*TRY IT*
Would you copy exactly the lines in the data below from the one that has "Oval Marcasites SET" through the one that has "Ballorex KS-T036 550W", dropping any pictures?

*RAW DATA*
▼▼▼
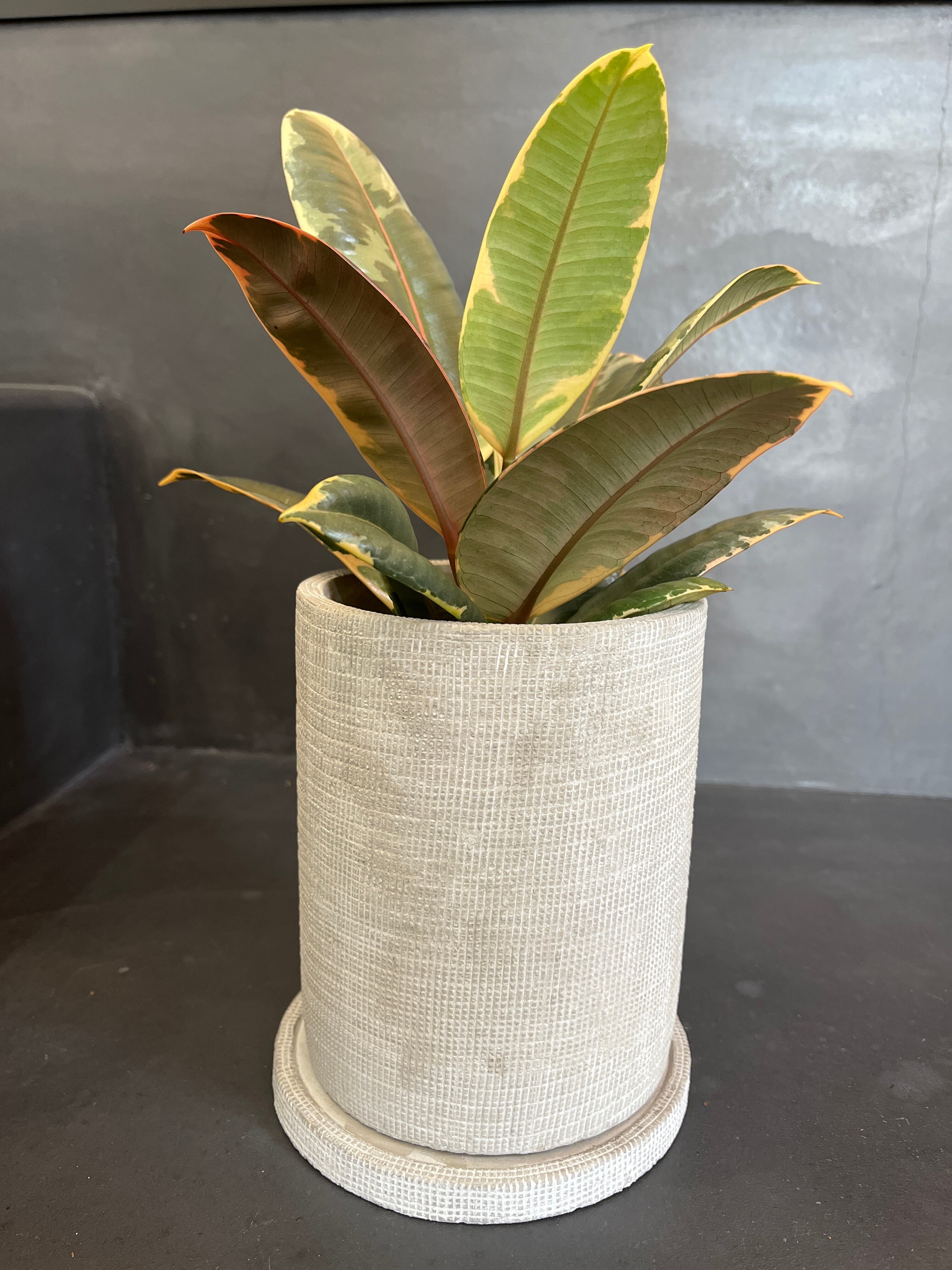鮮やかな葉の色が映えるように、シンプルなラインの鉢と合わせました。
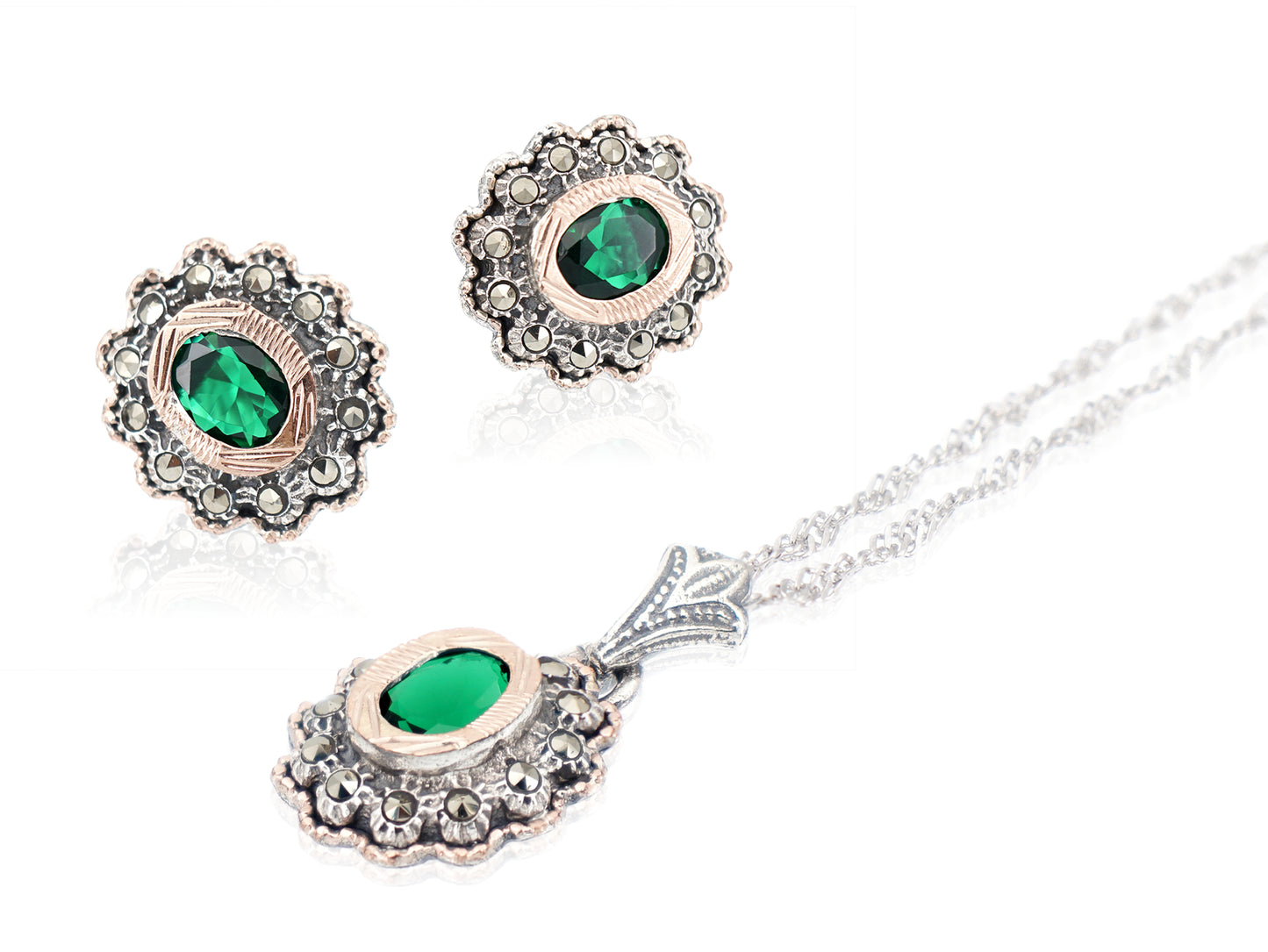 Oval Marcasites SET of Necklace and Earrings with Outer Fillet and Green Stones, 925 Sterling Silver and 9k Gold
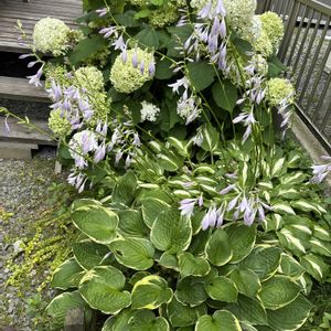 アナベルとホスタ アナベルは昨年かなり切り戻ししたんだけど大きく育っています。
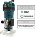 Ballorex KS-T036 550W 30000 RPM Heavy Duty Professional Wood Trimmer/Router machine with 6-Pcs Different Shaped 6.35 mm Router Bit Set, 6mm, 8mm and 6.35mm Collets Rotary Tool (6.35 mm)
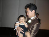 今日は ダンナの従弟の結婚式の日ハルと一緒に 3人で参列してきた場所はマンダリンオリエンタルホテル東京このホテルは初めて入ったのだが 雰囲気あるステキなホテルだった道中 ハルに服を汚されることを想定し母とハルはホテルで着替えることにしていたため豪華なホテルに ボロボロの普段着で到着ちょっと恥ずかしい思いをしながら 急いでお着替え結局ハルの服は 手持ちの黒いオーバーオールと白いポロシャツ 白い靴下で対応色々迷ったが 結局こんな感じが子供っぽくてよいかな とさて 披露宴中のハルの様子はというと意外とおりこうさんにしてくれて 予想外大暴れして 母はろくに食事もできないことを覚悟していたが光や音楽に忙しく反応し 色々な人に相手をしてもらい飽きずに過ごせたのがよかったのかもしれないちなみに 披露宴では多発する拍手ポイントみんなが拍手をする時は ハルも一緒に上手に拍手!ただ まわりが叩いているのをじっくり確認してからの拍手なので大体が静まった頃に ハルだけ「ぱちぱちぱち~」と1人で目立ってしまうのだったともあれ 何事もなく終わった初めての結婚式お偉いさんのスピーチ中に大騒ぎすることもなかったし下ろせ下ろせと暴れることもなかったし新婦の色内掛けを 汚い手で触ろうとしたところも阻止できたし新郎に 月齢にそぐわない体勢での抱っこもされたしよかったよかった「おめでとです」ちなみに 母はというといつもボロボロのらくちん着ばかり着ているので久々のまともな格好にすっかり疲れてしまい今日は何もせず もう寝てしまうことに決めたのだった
▲▲▲
*SOLUTION TO THE PROBLEM*
 Oval Marcasites SET of Necklace and Earrings with Outer Fillet and Green Stones, 925 Sterling Silver and 9k Gold
 アナベルとホスタ アナベルは昨年かなり切り戻ししたんだけど大きく育っています。
 Ballorex KS-T036 550W 30000 RPM Heavy Duty Professional Wood Trimmer/Router machine with 6-Pcs Different Shaped 6.35 mm Router Bit Set, 6mm, 8mm and 6.35mm Collets Rotary Tool (6.35 mm)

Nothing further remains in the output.